Toula's back working at her parents (played again, and wonderfully by Michael Constantine and Lainie Kazan) restaurant "Dancing Zorba" in Chicago's Greek Town, though, family restaurant that it is, she actually spends more time shuttling her increasingly "no longer a spring chicken" father, Gus, from one doctor's appointment to another.

Paris too, spends her "after school afternoons", eyes-rolling, "on garlic toast duty" at "the restaurant" ;-).

Since Ian is now the Principal at (once again, exasperated) Paris's High School -- "Oh dad, (he's ever smiling, she's rolling her eyes again) _please_ don't (!) come up to me to talk to me (so much) at school.  I swear EVERYONE thinks I'm 'a narc'" ;-) -- one gets the sense that neither Toula nor Paris really "needed to work" at the restaurant (for the money).  It's just that it's family, and the parents needed the day-to-day help.  (And what else would one do?  Sit at home while one's aging parents ran that restaurant (that perhaps they too didn't need to run anymore)?  OF COURSE YOU HELP.  That's what FAMILY does).

Anyway, already among those five characters - Toula / Ian, their daughter Paris and Voula's parents - there are countless possibilities for stories.  Throw in the smiling / ever sincere but always (and preposterously) "over sharing" Aunt Toula (played by Andrea Martin) ... everybody has _somebody_ like this in the family ;-) ... smiling sex bomb, still at 40, hairdresser Nikki (played by Gia Ciades) who DOES help keep that family looking good; brother or cousin Nick (played by Louis Mandylor) or Angelo (played by Joey Fatone) struggling if he should come out "officially" as gay (everybody of course knows ... and is okay with it.  Why?
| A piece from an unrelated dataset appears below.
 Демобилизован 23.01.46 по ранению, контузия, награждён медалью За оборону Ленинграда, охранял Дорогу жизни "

In such a loving family, how can one possibly go against one's kin?  Indeed IN MY MINISTRY, I have _not_ known a single Catholic family that has rejected their kid for coming out gay.  Yes, it may be upsetting -- for the first 24 hours (!) -- to the parents, but afterwards, "it's our kid") and finally grandma "Mana-Yiayia" (played by Bess Meisler) "from the Old Country" ;-).  One of the "nosey neighbors" remarks: "Isn't she like 120 by now?" But how could one imagine this family _without her_ ;-)

Much ensues, and obviously much that ensues involves "a wedding", in this case, _validating the nearly 50 year old marriage_ between Maria and Gus, the documents of which, "got screwed-up" back "in the village ..."  ("Oh, how could _that_ have happened?"  asks me, a priest now with nearly 20 years experience of "life in a rectory" ;-) ;-).
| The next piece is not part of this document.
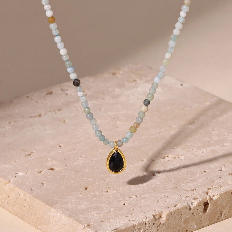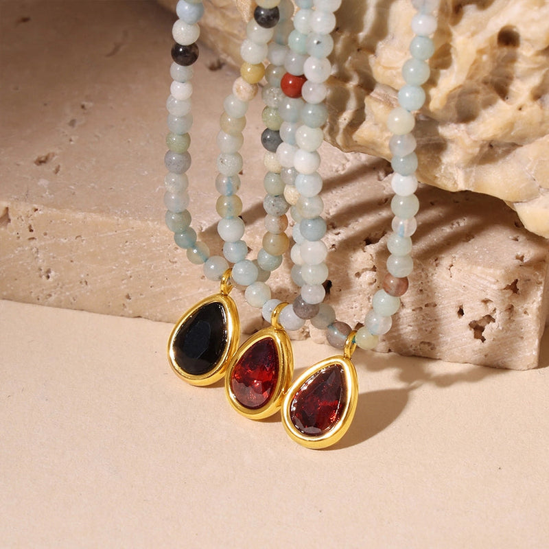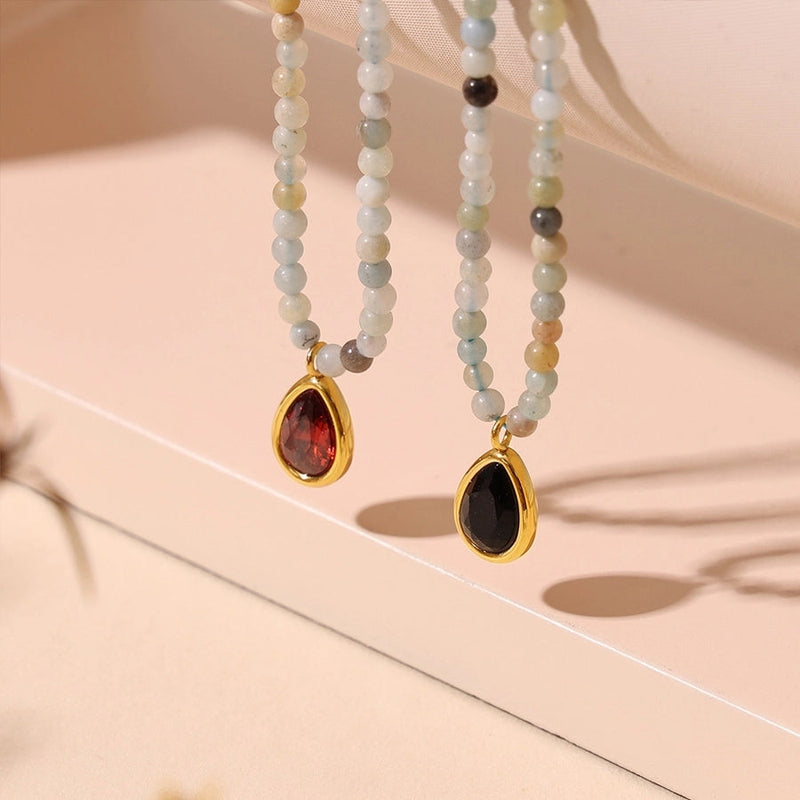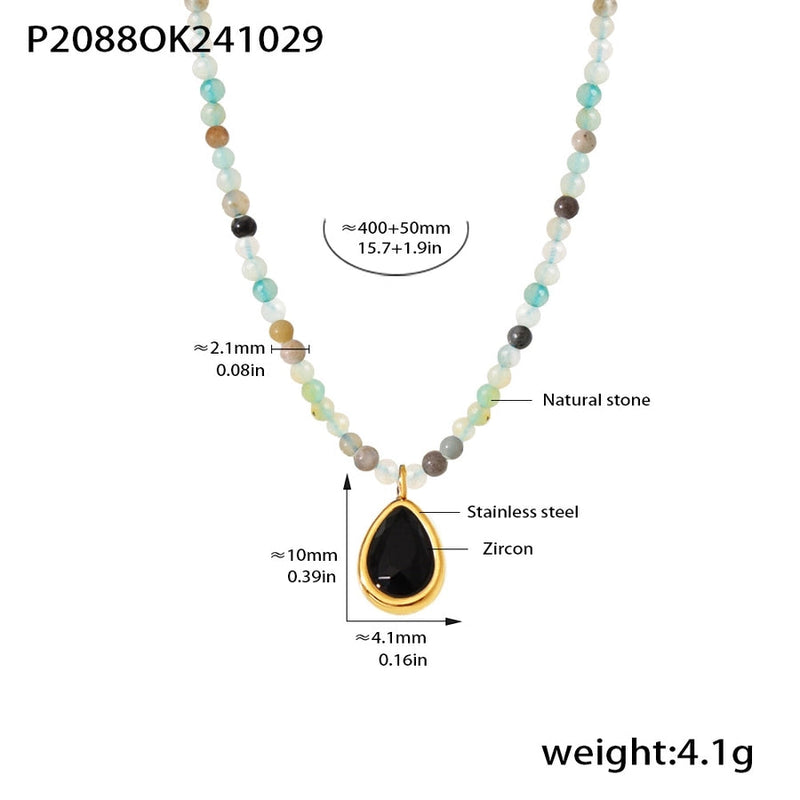 Elegant Vacation Water Droplets 304 Stainless Steel natural stone Zircon Beaded Chain Pendant Necklace In Bulk

It's just wonderful.  The ONLY THING THAT I DIDN'T LIKE was that HOLLYWOOD _chose_ to release this film during our (Catholic) Holy Week (not the Orthodox Holy week which will come later but ours).  But that's NOT the film's fault, THAT'S HOLLYWOOD'S FAULT and while a shame (and will inevitably hurt ticket sales somewhat on its first weekend), and one gets the sense that this film will be around FOR A WHILE.